The real reason companies do software inventory exercises is to have a sense of control over their application portfolio. Because you need to KNOW that everything is tested, monitored and patched. That feeling of being certain, rather than ‘fairly confident’, is the difference between knowing that you are doing a good job of securing your software and just hoping that you are.
Most enterprise-level companies have hundreds or even thousands of assets, and do not have accurate inventory of them. This happens for many reasons; developers don’t always report their work, no one is assigned to keeping track of application updates, shadow IT, people not realizing that an API or SaaS (Software as a Service) qualifies as an ‘app’, APIs being split into multiple APIs and the new one(s) not being recorded, lost excel spreadsheets, other priorities getting in the way, employee turnover, etc. There are too many reasons to list, and the cause of the problem doesn’t matter as much as what can be done about it.

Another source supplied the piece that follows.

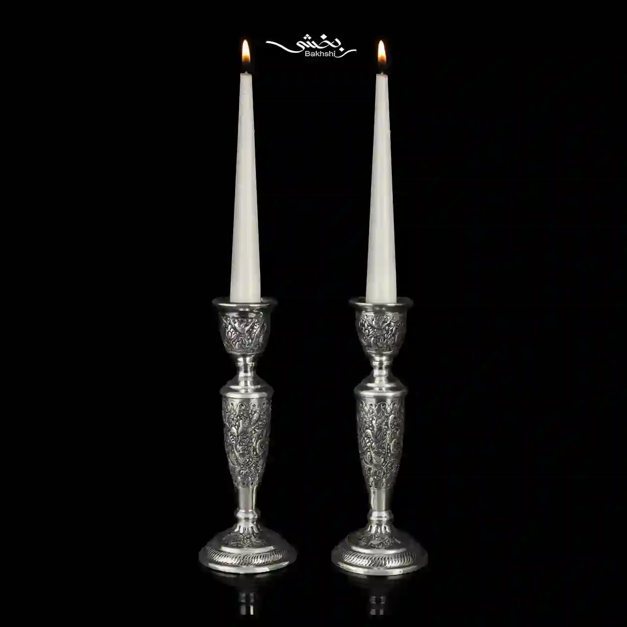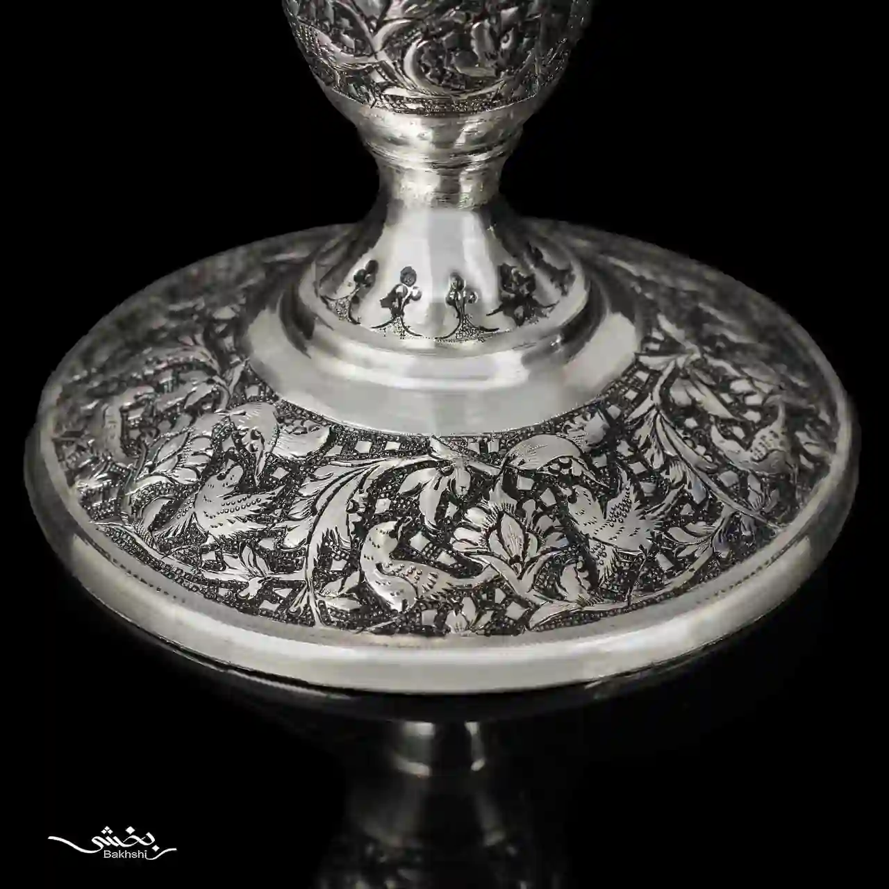 شمعدان تکشاخه پایهبلند نقره قلم گل و مرغ – مدل ۲ (کد T004646)
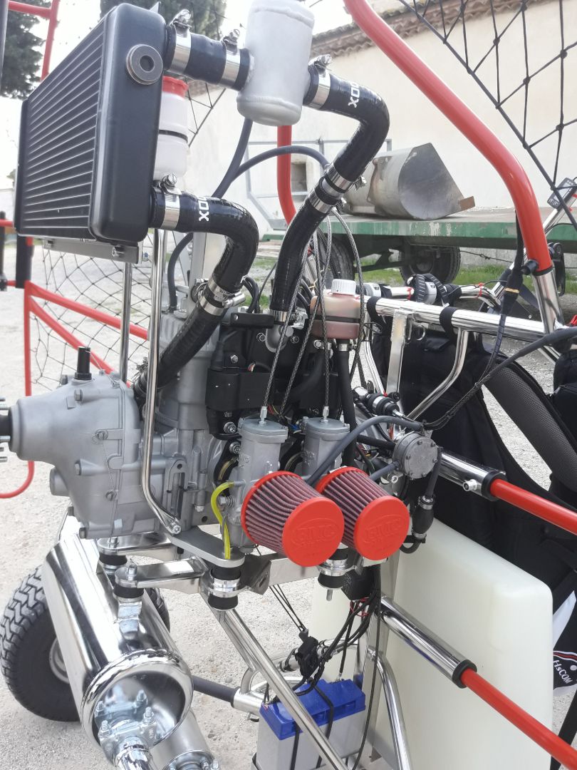 Moteur ROTAX 582 reconditionné à neuf par HSCom, refroidissement liquide, double allumage avec contrôle magnéto, double carburateur.

Why is having an incomplete inventory of your web assets a problem? Because you can’t protect something if you don’t know you have it.
You might be saying, “All of our applications are released via our standard DevOps Pipeline.” Sure, all the ones you are aware of go through it. What about the ones that you don’t know about?
Buying application security tools and then using them on only 60%-90% of your apps means many of your web assets not hardened, protected, monitored and logged. This presents a potentially large hole in your web-armour. It's almost as if there's a good reason that the NIST Cyber Security Framework has asset management (Identify) in the #1 spot, SC Magazine lists improper inventory as one of the Top 5 risks to application security, IBM lists it has #1 on Five Steps to Achieve Risk-Based Application Security Management, Contrast Security lists it as the #1 step of The 4 Dimensions of a Sound Application Security Strategy, and Veracode lists it as a precursor to even starting the Five Best Practices of Vendor Application Security Management. Ensuring you have a current, complete, and accurate inventory is the foundational step for every application security program.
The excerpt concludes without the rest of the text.